In a recent opinion, Judge Gregory M. Sleet denied defendant Mylan Pharmaceutical, Inc.’s (“Mylan”) motion to dismiss plaintiff AstraZeneca AB’s (“AstraZeneca”) ANDA action for lack of personal jurisdiction pursuant to Fed. R. Civ. P. 12(b)(2). AstraZeneca AB v. Mylan Pharmaceuticals, Inc., C.A. No. 14-696-GMS (D. Del. Nov. 5, 2014). AstraZeneca alleged that the Court maintained jurisdiction over Mylan because (i) Mylan “consented to jurisdiction in Delaware”; (ii) Mylan is “subject to specific jurisdiction in Delaware”; and (iii) Mylan is “subject to general jurisdiction in Delaware.” Id. at 5. Judge Sleet concluded that the Court maintained jurisdiction over Mylan only on the grounds that Mylan is subject to specific jurisdiction in Delaware.
First, Judge Sleet determined that AstraZeneca failed to demonstrate that Mylan “is properly subject to general jurisdiction in Delaware.” Rejecting jurisdiction on this ground, Judge Sleet explained that “AstraZeneca notes only that Mylan is registered to do business in Delaware and has a broad network of third-party contacts within the state,” and that “[u]pholding jurisdiction on these allegations alone would permit the ‘exercise of general jurisdiction in every [s]tate.’” Id. at 7. Judge Sleet also noted that “Mylan’s litigation history in Delaware fail[ed] to rise to [a] level” that would subject Mylan to general jurisdiction. Id. at 8.

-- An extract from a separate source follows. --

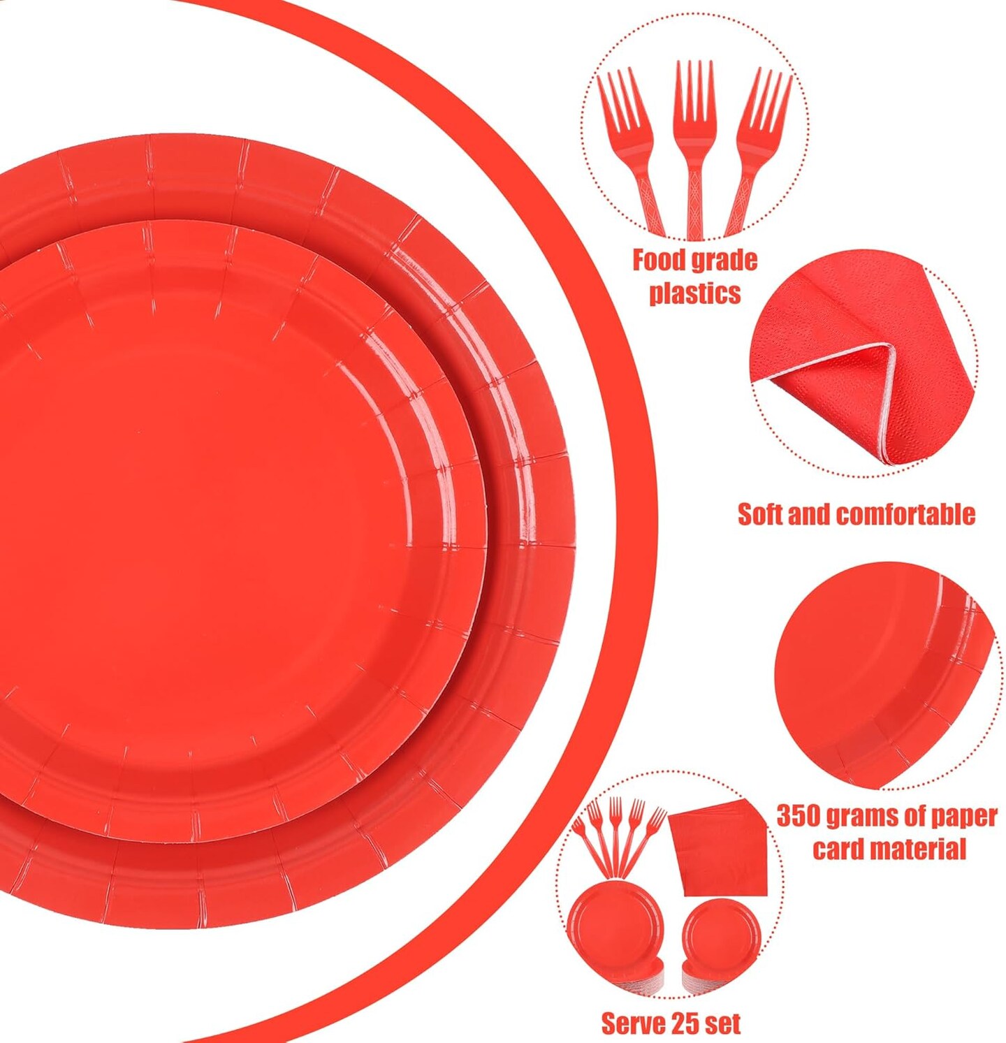 100 Count Red Paper Plates and Napkins Red Party Tableware Set Red Disposable Plates Napkins and Forks for Wedding Birthday Party Bridal Shower Baby Shower, Serve 25

Next, Judge Sleet rejected AstraZeneca’s argument that Mylan “consented to be subject to Delaware’s general jurisdiction by registering to do business in the state and by appointing a registered agent to accept service of process.” Id. at 8. First acknowledging there “is a circuit split as to whether this type of ‘statutory consent’ is an adequate basis on which to ground a finding of personal jurisdiction,” Judge Sleet ultimately concluded that “Mylan’s compliance with Delaware’s registration statutes-mandatory for doing business within the state-cannot constitute consent to jurisdiction.” Id. at 9-11. In reaching this determination, Judge Sleet relied on the Supreme Court’s decision in Daimler AG v. Bauman, 134 S. Ct. 746, 761 (2014), which held that “‘continuous and systematic contacts’ alone are insufficient to establish general jurisdiction,” and thus rejected “the idea that a company could be haled into court merely for ‘doing business’ in a state.” Id. at 11. Judge Sleet additionally noted that “[f]inding mere compliance with such statutes sufficient to satisfy jurisdiction would expose companies with a national presence (such as Mylan) to suit all over the country, a result specifically at odds with Daimler.” Id.

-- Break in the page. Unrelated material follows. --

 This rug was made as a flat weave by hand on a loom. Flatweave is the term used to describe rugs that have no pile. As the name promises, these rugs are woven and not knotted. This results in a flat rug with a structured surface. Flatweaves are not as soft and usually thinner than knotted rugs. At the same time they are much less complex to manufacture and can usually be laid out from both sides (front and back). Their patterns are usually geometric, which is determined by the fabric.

Judge Sleet did find, however, that AstraZeneca demonstrated that Mylan is subject to specific jurisdiction in Delaware. Judge Sleet first noted that “specific jurisdiction has historically been disfavored by courts as a basis to exercise jurisdiction over generic drug company defendants in ANDA cases.” Id. at 12. Judge Sleet explained that “ANDA litigation is unlike other patent infringement litigation: The injury is abstract, making it difficult to point to a location out of which the injury ‘arises’ for jurisdictional purposes.” Id. at 14. Nevertheless, Judge Sleet ultimately concluded that Mylan was subject to personal jurisdiction in Delaware, reasoning that “Mylan’s contact with Delaware is not illusory . . . . Mylan sent its paragraph IV certification to AstraZeneca U.S. in Delaware, thus triggering the forty-five-day countdown for AstraZeneca to file a lawsuit-a ‘real act with actual consequences.’” Id. at 15. Judge Sleet also found that “Mylan cannot plausibly argue that it could not ‘reasonably anticipate being haled into court’ in Delaware when patent litigation is an integral part of a generic drug company’s business.” Id.